Language Models

These notes heavily borrowing from the CS224N set of notes on Language Models.

The need for neural language models

*Language model example that completes the search query. We need a language model that given a sequence of words \(\{ \mathbf w_1, ..., \mathbf w_t \}\) it returns

\[p(\mathbf w_{t+1} | \mathbf w_1, ..., \mathbf w_t)\]

Language models in general compute the probability of occurrence of a number of words in a particular sequence. How we can build language models though ?

The probability of a sequence of \(m\) words \(\{\mathbf w_1, ..., \mathbf w_m \}\) is denoted as \(p(\mathbf w_1,...,\mathbf w_m)\). For example the probability of the sentence “The cat sat on the mat” is \(p(\text{The}, \text{cat}, \text{sat}, \text{on}, \text{the}, \text{mat})\).

We can simply use the chain rule of probability to compute the probability of a sequence of words without making any assumptions about the structure of the language. For example, the probability of the sentence “The cat sat on the mat” is:

\[p(\text{The}, \text{cat}, \text{sat}, \text{on}, \text{the}, \text{mat}) = p(\text{The}) p(\text{cat} | \text{The}) p(\text{sat} | \text{The}, \text{cat}) p(\text{on} | \text{cat}, \text{sat}) p(\text{the} | \text{sat}, \text{on}) p(\text{mat} | \text{on}, \text{the})\]

In general,

\[ p(\mathbf w_1,...,\mathbf w_m) = \prod_{i=1}^{i=m} p(\mathbf w_{i} | \mathbf w_1, ..., \mathbf w_{i-1})\]

Since the counting of all these probabilities is intractable, we will use a simpler model that makes some assumptions about the structure of the language. The assumption we usually make is that the probability of a word depends only on a fixed number of previous words. For example, we can assume that the probability of a word depends only on the previous n-words. This assumption is called the n-gram assumption.

\[ p(\mathbf w_1,...,\mathbf w_m) \approx \prod_{i=1}^{i=m} p(\mathbf w_{i} | \mathbf w_{i-1}, ..., \mathbf w_{i-n+1})\]

To compute these probabilities, the count of each n-gram would be compared against the frequency of each word. For instance, if the model takes bi-grams, the frequency of each bi-gram, calculated via combining a word with its previous word, would be divided by the frequency of the corresponding unigram. For example for bi-gram and trigram models the above equation becomes:

\[p(\mathbf w_2 | \mathbf w_1) = \dfrac {count(\mathbf w_1,\mathbf w_2)}{count(\mathbf w_1)}\]
\[p(\mathbf w_3 | \mathbf w_1, \mathbf w_2) = \dfrac {count(\mathbf w_1, \mathbf w_2, \mathbf w_3)}{count(\mathbf w_1, \mathbf w_2)}\]

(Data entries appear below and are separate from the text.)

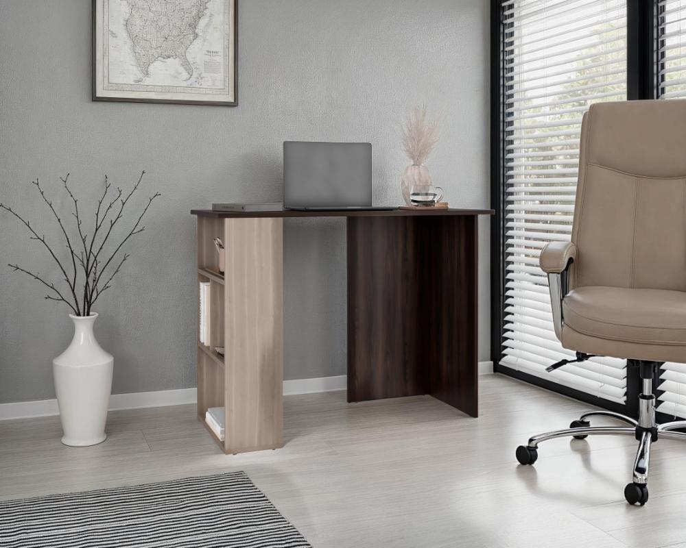 Escritorio, con espacio para accesorios, espacio para ubicar libros y objetos, es de facil instalación.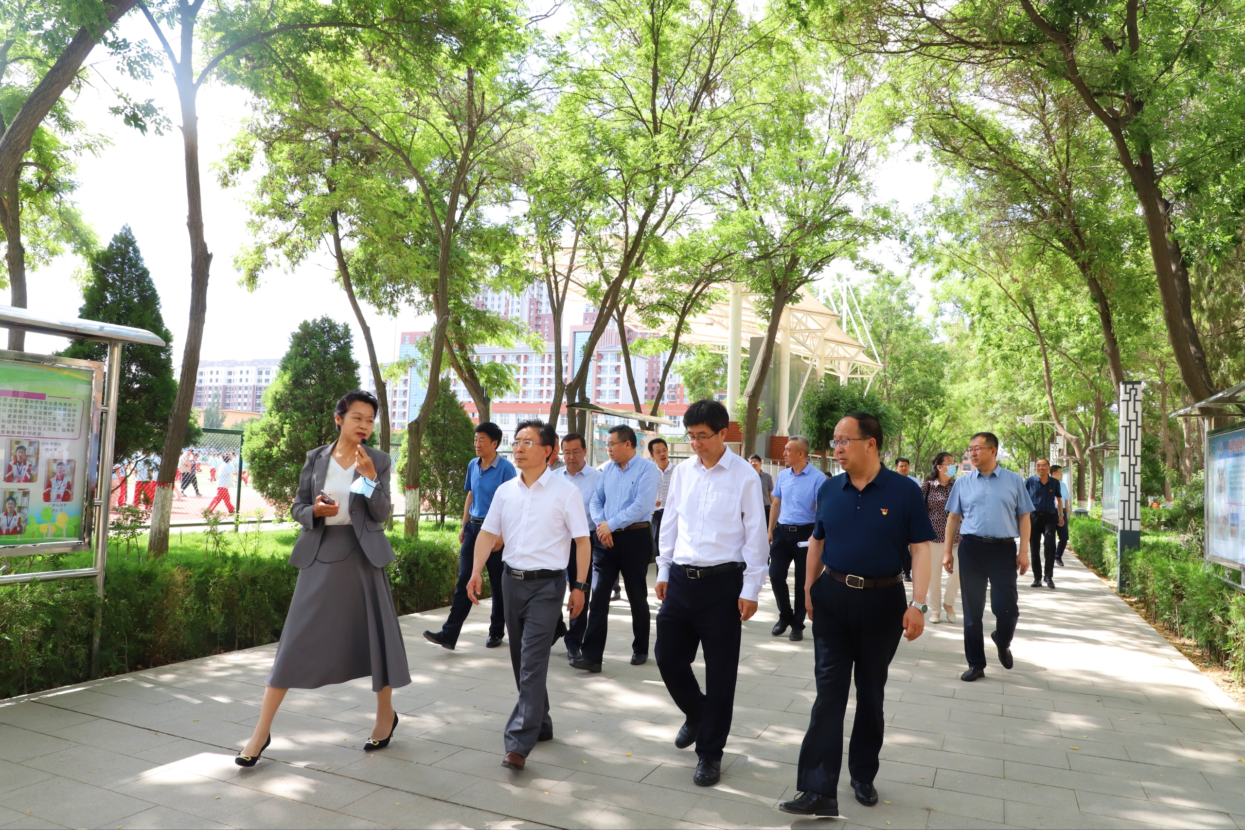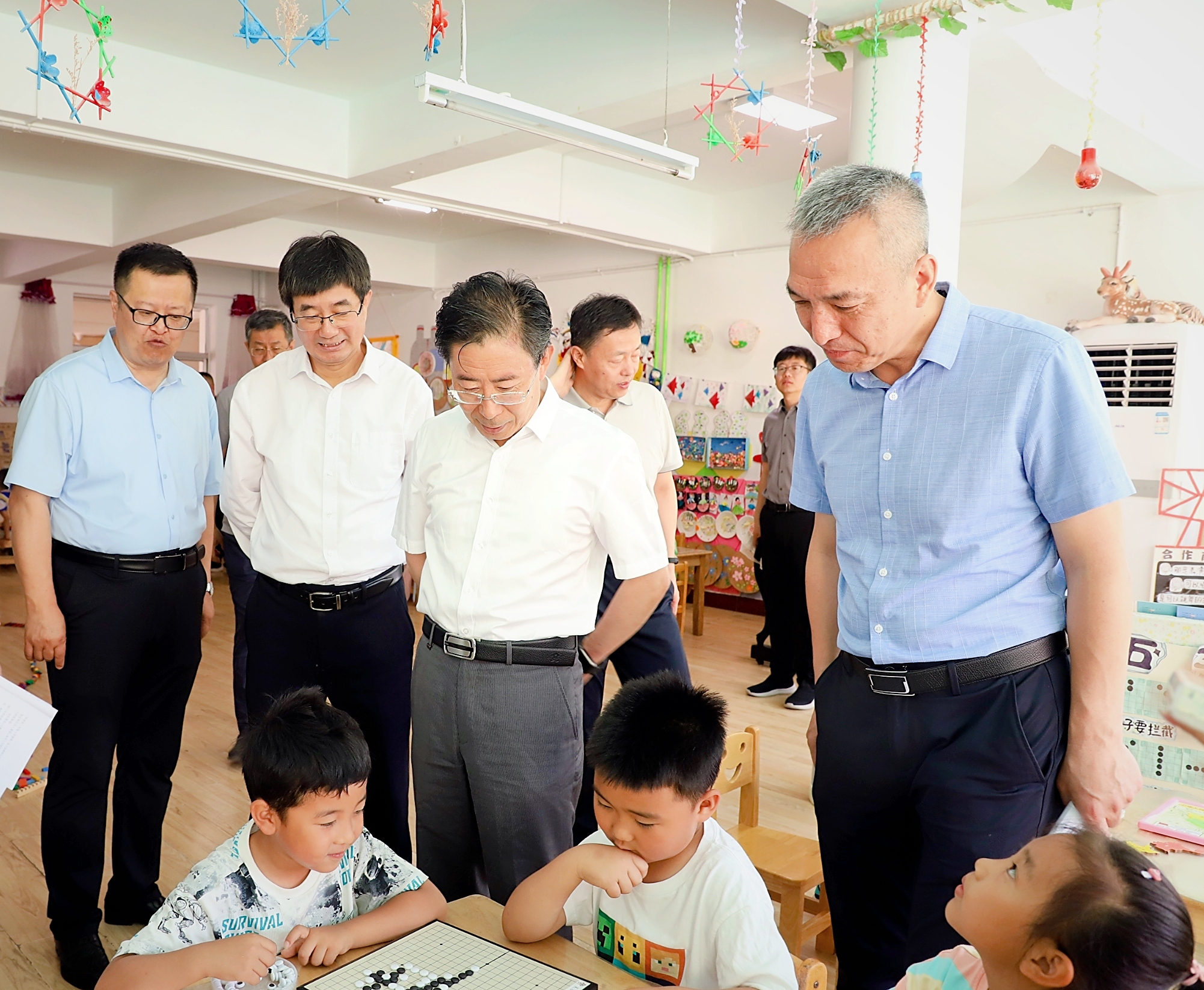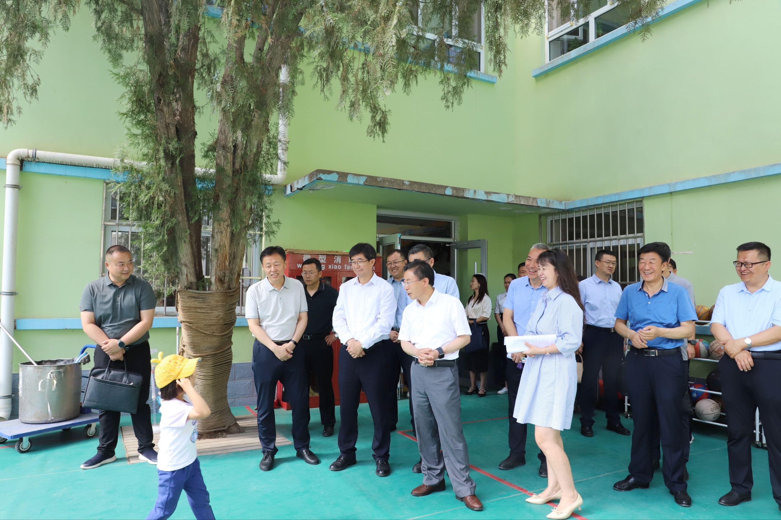 【永利集团304官网新闻中心讯 王文娣/文、图】为深入推进学习贯彻习近平新时代中国特色社会主义思想主题教育,深化永利教育综合改革,提升教育品质,努力办好人民满意的教育,6月16日,校党委书记李星,校党委副书记周震,党委常委、副校长李建设、刘炎胜,党委常委、组织部部长张立杰,党委常委、宣传部部长高永兴一行赴永利集团304官网幼儿园及附属中学开展调研,深入了解附属学校的教育教学和日常管理运行情况。
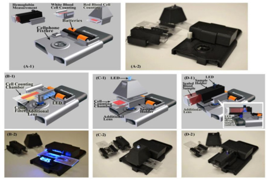 Hongying Zhu et al. [22] developed a portable and low-cost cytometry imaging platform incorporated with the cell phone to measure hemoglobin density and white and red blood cells from human blood samples. These measurements help in clinical tests to analyze the health conditions and diagnose the different blood disorders like anemia and leukemia. A dedicated android application called “Blood Analysis” is designed to perform the operations. Two AA batteries are included in a base attachment and a universal port to hold three components for white blood cell counting, red blood cell counting, and hemoglobin measurements. Three separate test procedures are conducted individually to identify the density of hemoglobin and white and red blood cells, as shown in Figure 15. Its software approach is shown in Figure 16.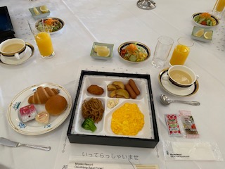 食事係のメニュー紹介後、朝食を食べました。朝からボリューム満点です。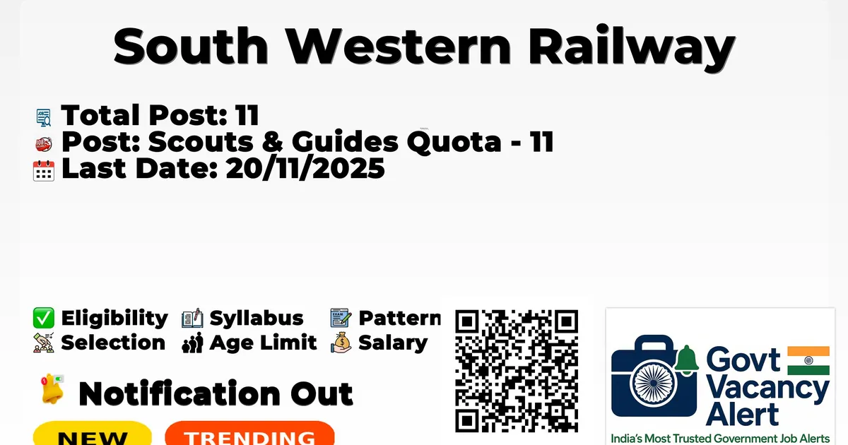 SWR Scouts and Guides Quota Indicative Notification Click Here SWR Scouts and Guides Quota Notification 2024 Notification Pdf (Old) SWR Scouts and Guides Quota Online Application Form Available from 21/10/2025 Latest Railway Jobs Railway Jobs List Join Ind Govt Jobs Alert Channel Telegram | WhatsApp | X | Facebook | Instagram

Counting these probabilities is notoriously space (memory) inefficient as we need to store the counts for all possible grams in the corpus. At the same time, when we have no events in the denominators to count we have no possibility of estimating such probabilities (the so-called sparsity problem).

To solve these issues we will create neural models that are able to predict the required word.